■ **YOUR INSTRUCTIONS**
Below is a block of records: output all of them exactly and leave out the pictures.

(Data extracted from a collection)

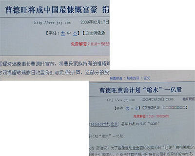 記者:“今天我們訪問的是福耀玻璃股份有限公司董事長曹德旺,他是中國的玻璃大王,全中國的汽車中,每兩輛有一輛用的是福耀的玻璃,在過去的五年里,曹德旺投資了五十多個億,進(jìn)行產(chǎn)業(yè)擴(kuò)張,因此外界也把他稱作是一個產(chǎn)業(yè)擴(kuò)張的大鱷,最近這個玻璃大鱷卻突然宣布,他要把他和他家族名下的大部分股票捐贈出去,而這個消息引發(fā)的確是外界的傳言和猜測,這其中究竟有怎樣的玄妙,我們一起到曹德旺位于福州的家里去,向他本人尋求問題的答案!
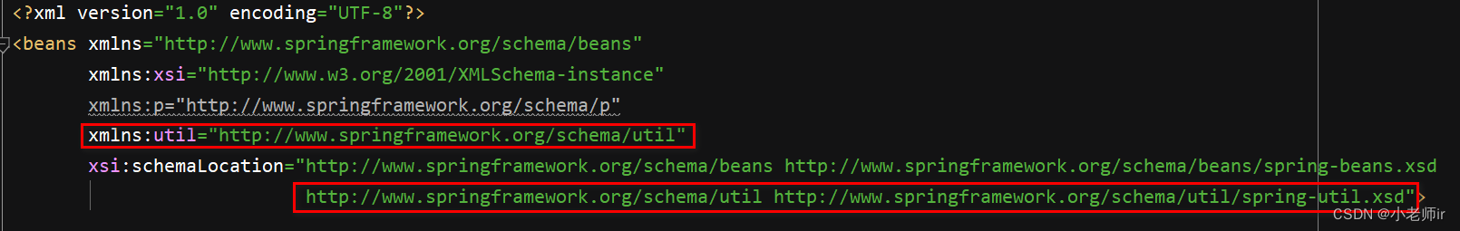 ① 在 spring 配置文件中引入名称空间 util
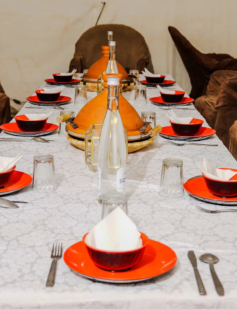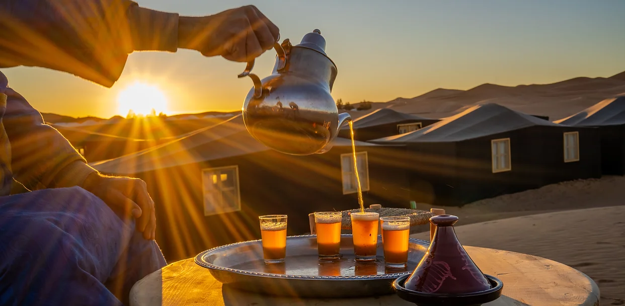 You will be welcomed with a glass of mint tea and served a typical Moroccan dinner under the starry sky.
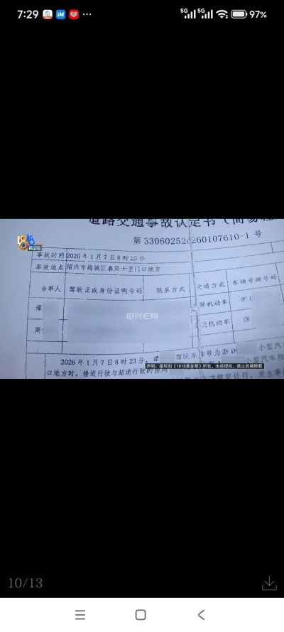 根据交警的认定书
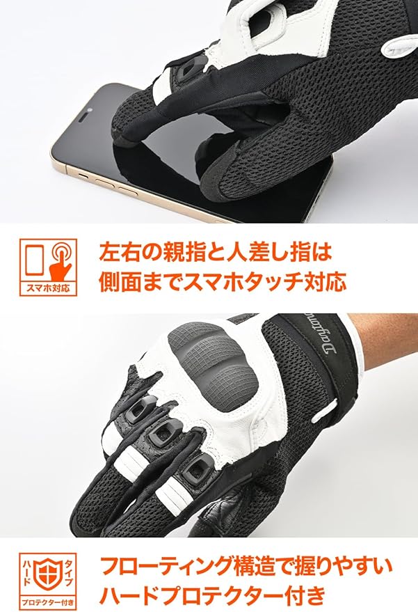 デイトナ(Daytona) バイク グローブ 夏 メッシュ 革(ヤギ革) ハードプロテクター スマホ対応 コンフォートエアフロー メッシュグローブ DG-008 ブラック/ホワイト Mサイズ 45906 | etshop
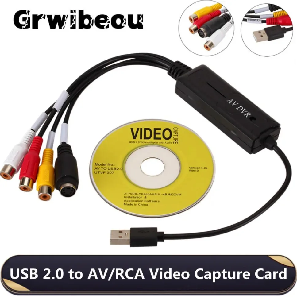 Comprar Tarjeta de captura de Audio y vídeo Grwibeou USB 2,0, adaptador fácil de tapar, captura de vídeo VHS a DVD para tarjeta de captura de vídeo Windows 10/8/7/XP

■ **EXERCISE OUTPUT**
 記者:“今天我們訪問的是福耀玻璃股份有限公司董事長曹德旺,他是中國的玻璃大王,全中國的汽車中,每兩輛有一輛用的是福耀的玻璃,在過去的五年里,曹德旺投資了五十多個億,進(jìn)行產(chǎn)業(yè)擴(kuò)張,因此外界也把他稱作是一個產(chǎn)業(yè)擴(kuò)張的大鱷,最近這個玻璃大鱷卻突然宣布,他要把他和他家族名下的大部分股票捐贈出去,而這個消息引發(fā)的確是外界的傳言和猜測,這其中究竟有怎樣的玄妙,我們一起到曹德旺位于福州的家里去,向他本人尋求問題的答案!
 ① 在 spring 配置文件中引入名称空间 util
 You will be welcomed with a glass of mint tea and served a typical Moroccan dinner under the starry sky.
 根据交警的认定书
 デイトナ(Daytona) バイク グローブ 夏 メッシュ 革(ヤギ革) ハードプロテクター スマホ対応 コンフォートエアフロー メッシュグローブ DG-008 ブラック/ホワイト Mサイズ 45906 | etshop
 Comprar Tarjeta de captura de Audio y vídeo Grwibeou USB 2,0, adaptador fácil de tapar, captura de vídeo VHS a DVD para tarjeta de captura de vídeo Windows 10/8/7/XP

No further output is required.